Puttu/Kuzha Puttu… Hot and steaming with delicious layers of rice flour and fresh coconut is a well-known breakfast delicacy of Kerala cuisine. Literature such as “thiruvilayadal puram” of the 16th century, has mentions of this dish thus suggesting that it may have originated in Tamil Nadu. Whatever may be the origin this zero oil dish is a well-celebrated dish by the health freaks. Accompanied by “Kadala curry” a spicy gravy made with black channa this classic combo is an excellent wholesome meal.

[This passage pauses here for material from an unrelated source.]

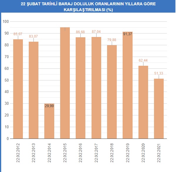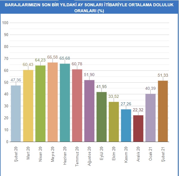 İstanbul Su ve Kanalizasyon İdaresi (İSKİ) verilerine göre, barajlardaki su seviyesi 8 Ocak'ta yüzde 19,16'ya kadar inerken, aradan geçen sürede yağışlarla yüzde 32,17 arttı. Kar yağışının başladığı 12 Şubat Cuma gününden bu yana ise barajlardaki doluluk oranı yüzde 5 yükseldi. İstanbul’a su sağlayan barajlardaki doluluk oranı 22 Şubat Pazartesi itibarıyla yüzde 51,33 olarak ölçüldü.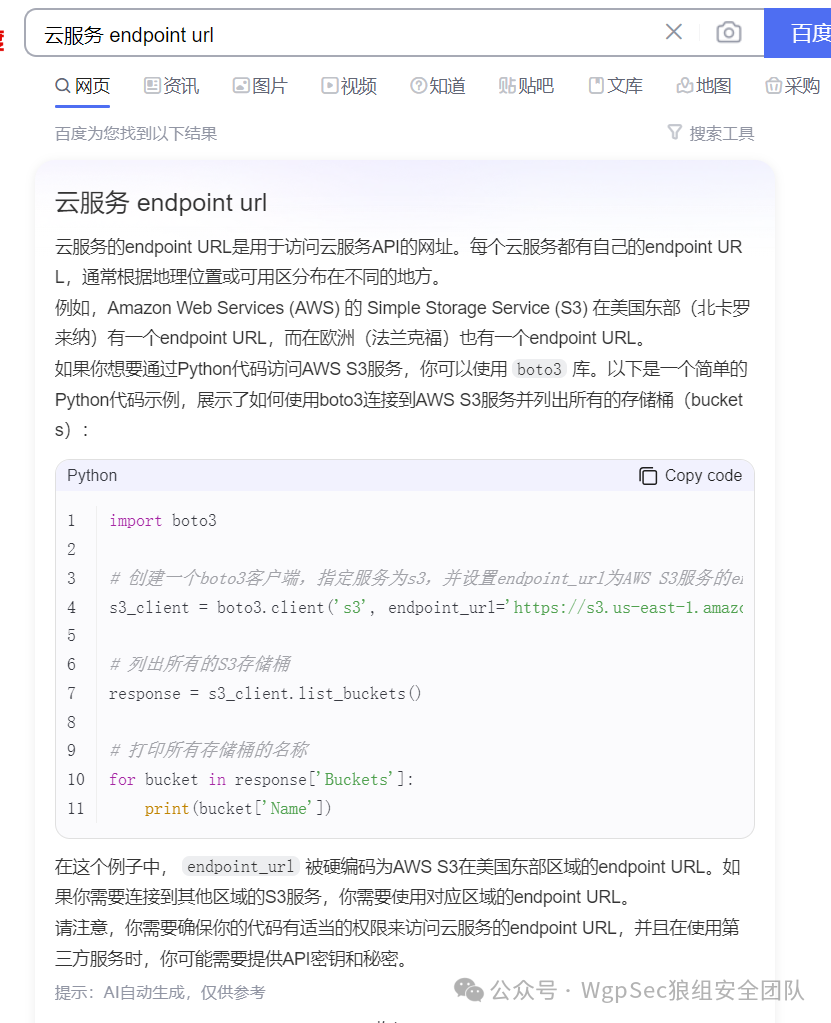 这里aliyun CLI会先去访问location-readonly确定Endpoint再发起请求,最终发起的请求和在云api平台上发起的请求是一致。这里的Endpoint,阿里云称为服务地址。实际上在不同的云他有不同的称呼,比如在腾讯云则称为请求域名。在移动云被称为终端节点。在aws和azure都被称为service endpoints。由于endpoint本身就会有很多种意思,而上述的称谓都有出现歧义的情况,所以这里,我推荐百度搜索“云服务 endpoint url”,百度ai很贴心的解释了这个:

Ingredients for Puttu Recipe:

  • Processed puttu ragi flour store-bought 1 cup
  • Coconut grated 1 cup
  • Salt 1/4tsp
  • Water as required

Preparation Method:

  • Heat water till warm
  • Add salt to the flour.
  • Sprinkle water and mix the flour well till it’s crumbly.
  • Fill the puttu mould, alternating layers of Ragi flour with coconut.
  • Steam and serve hot

Ingredients for Kadala curry:

  • Black channa 1 cup soaked overnight and pressure cooked till soft
  • Tomato puree 2 cups
  • Coconut oil 3 tbsps
  • Mustard seeds 1 tsp
  • Finely chopped onion 1 medium
  • Sambhar onions/shallots 10
  • Curry leaves few
  • Green chilly slit 4
  • Ginger 1 inch piece finely chopped
  • Coriander leaves handful

For masala paste

  • Grated coconut 1/2 cup
  • Fennel seeds/saunf 1 tsp
  • Cloves 6
  • Cinnamon 1 inch piece
  • Peppercorn 10
  • Mace a few strands
  • Turmeric powder 1 tsp
  • Chilly powder 2 tsps
  • Coriander powder 2 tsps
  • Nutmeg powder 1/4tsp

Masala Paste preparation:

  • Grated coconut 1/2 cup dry roasted till brown
  • Add 1 cup of water and grind to a smooth paste.

 

Preparation Method:

  • Take a heavy-bottomed pan.
  • Add oil and splutter mustard.
  • Add the curry leaves and green chillies.
  • Saute and add the onions slices and shallots.
  • Saute well till light brown.
  • Add the tomato puree and pour in a cup of water.
  • Allow the mixture to boil for 5 minutes till it reduces to a thick paste.
  • Add the masala paste and cook well till the raw flavour disappears.’
  • Add the cooked black channa.
  • Sprinkle the required salt.
  • Bring to a boil.
  • Adjust the gravy to a thick consistency.